• GIVEN DATA:
━━━━━━━━━━━━━━━━

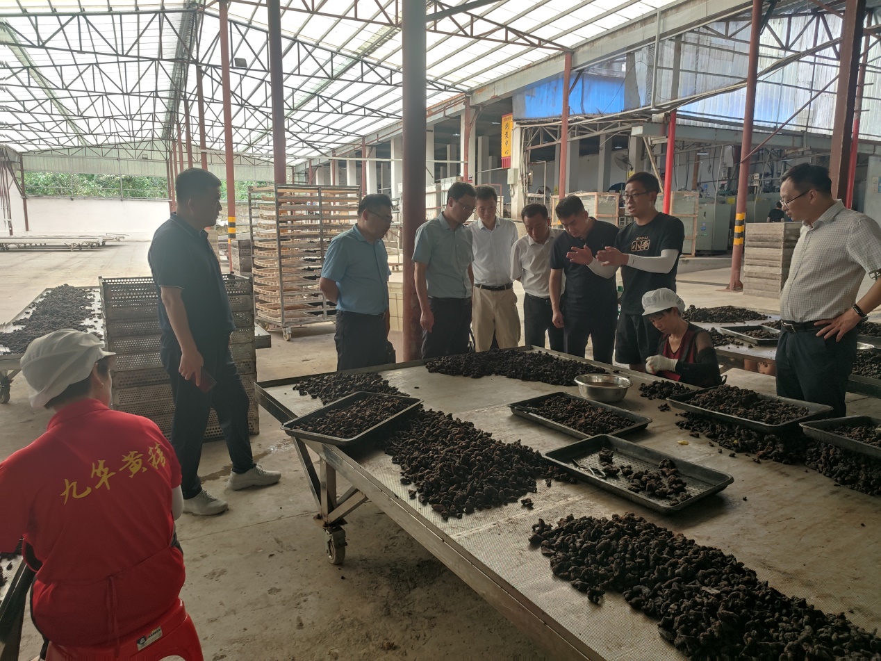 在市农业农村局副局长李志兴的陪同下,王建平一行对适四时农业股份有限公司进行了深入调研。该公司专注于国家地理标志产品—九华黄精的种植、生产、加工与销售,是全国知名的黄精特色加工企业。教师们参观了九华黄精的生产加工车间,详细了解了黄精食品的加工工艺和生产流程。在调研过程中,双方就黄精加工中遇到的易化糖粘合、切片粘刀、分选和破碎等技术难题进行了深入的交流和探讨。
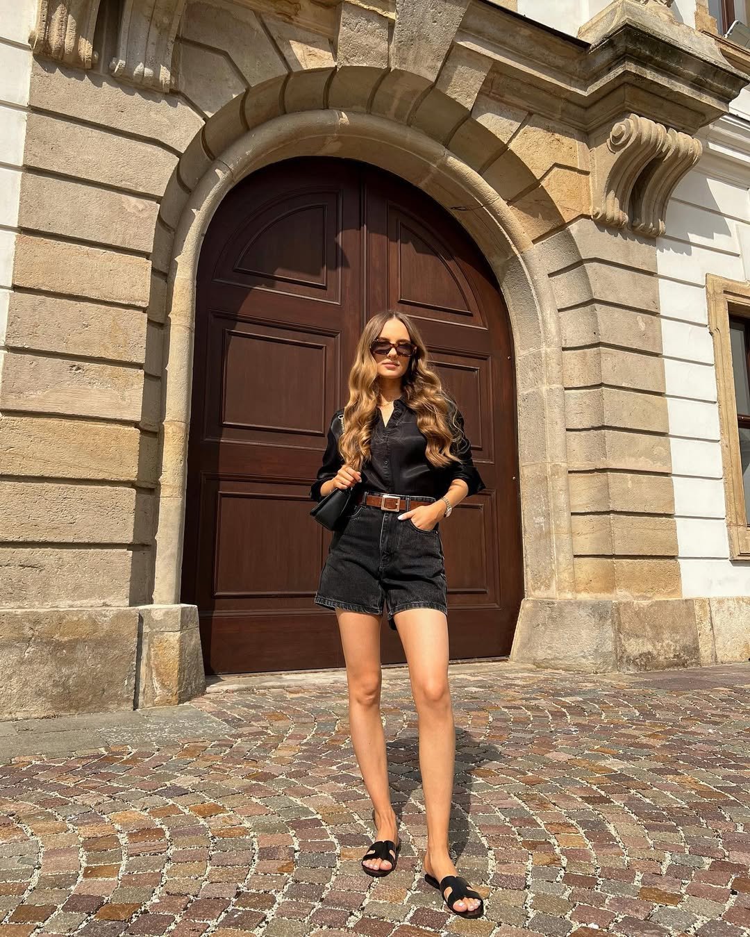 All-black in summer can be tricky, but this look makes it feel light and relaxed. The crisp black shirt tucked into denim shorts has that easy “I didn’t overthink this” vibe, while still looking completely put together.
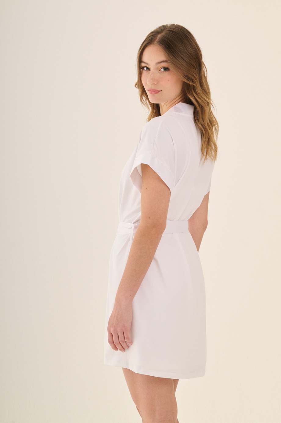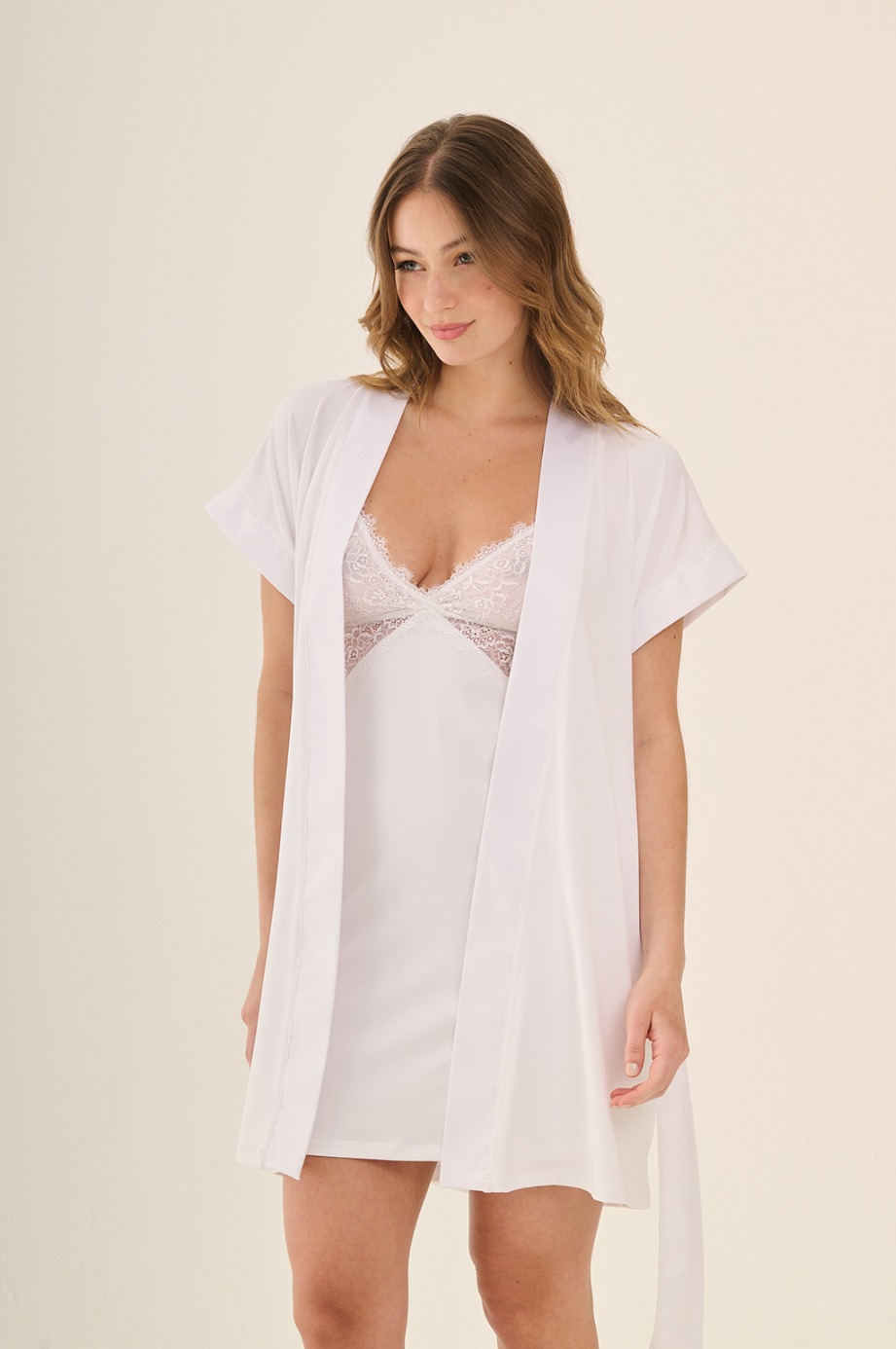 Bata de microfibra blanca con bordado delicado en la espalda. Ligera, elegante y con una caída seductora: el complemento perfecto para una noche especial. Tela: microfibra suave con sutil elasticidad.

━━━━━━━━━━━━━━━━

• HOW TO COMPLETE THIS TASK:
Could you set down, exactly as written, every line from the one with "All-black in summer" to the end of the data, both ends included? Leave out the pictures.

• FINISHED EXERCISE:
 All-black in summer can be tricky, but this look makes it feel light and relaxed. The crisp black shirt tucked into denim shorts has that easy “I didn’t overthink this” vibe, while still looking completely put together.
 Bata de microfibra blanca con bordado delicado en la espalda. Ligera, elegante y con una caída seductora: el complemento perfecto para una noche especial. Tela: microfibra suave con sutil elasticidad.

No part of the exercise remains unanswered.